QLoRA uses a frozen 4-bit base model with adapters. We backpropagate through the 4-bit weights into the adapters. QLoRA incorporates the NF4 datatype, double-quantization, and paged optimizers. We show it is on par with 16-bit finetuning at a fraction of the memory footprint.
QLoRA tuning on the OpenAssistant dataset produces a state-of-the-art chatbot.
According to GPT-4 and human annotators, our models outperform all other open-source systems and are even competitive with ChatGPT.
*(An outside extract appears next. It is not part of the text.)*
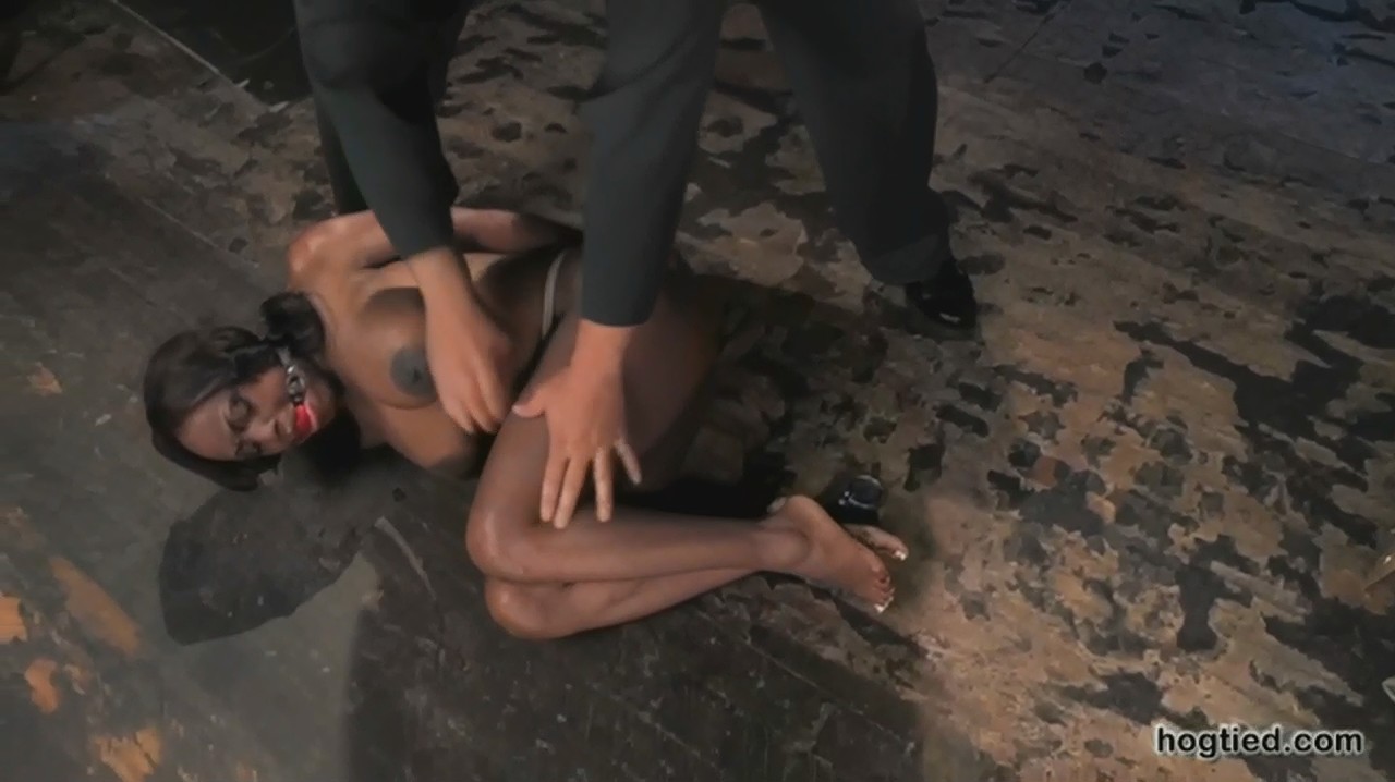 Как обычно, неинтересное интервью мы проматываем и наслаждаемся видом грудастой чернокожей женщины 47 лет, которой вставили кляп в рот и облили маслом, тщательно размазав по основным видимым частям тела, но и киску смазали хорошенько, ведь именно ей белый парень уделит большое внимание, оттягивая клитор вакуумной колбой, ее он будет бить плеточкой, а также прислонять вибратор и трахать елдой на палке, причем последние два действия одновременно. Так как сучка хорошо связана, она может только биться в экстазе и, не имея возможности противиться удовольствию, закатывать шарики за орбиты.
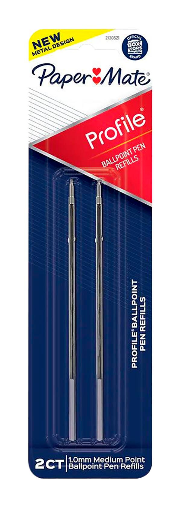 Keep the writing going with ink refills for your Paper Mate Profile ballpoint pen. These pen refills deliver the same smooth ink for clean, crisp writing. Plus, refilling your pens is an economical choice that produces less waste than buying new pens when you run out of ink. This set contains 2 refills with black ink and medium ballpoint tips.

The paper arxiv.org/abs/2305.14314 contains lots of insights and considerations about instruction tuning and chatbot evaluation and points to areas for future work.
In particular:
- instruction tuning datasets are not necessarily helpful for chatbot performance
- quality of data rather than quantity is important for chatbots
- multitask QA benchmarks like MMLU are not always correlated with chatbot performance
- both human and automated evaluations are challenging when comparing strong systems
- using large eval datasets with many prompts, like the OA benchmark, is important for evaluation
- many possible improvements to our setup including RLHF explorations
Guanaco is *far from perfect*, but the fact that it is remarkably easy to train with QLoRA while obtaining strong chatbot performance makes it a perfect starting point for future research.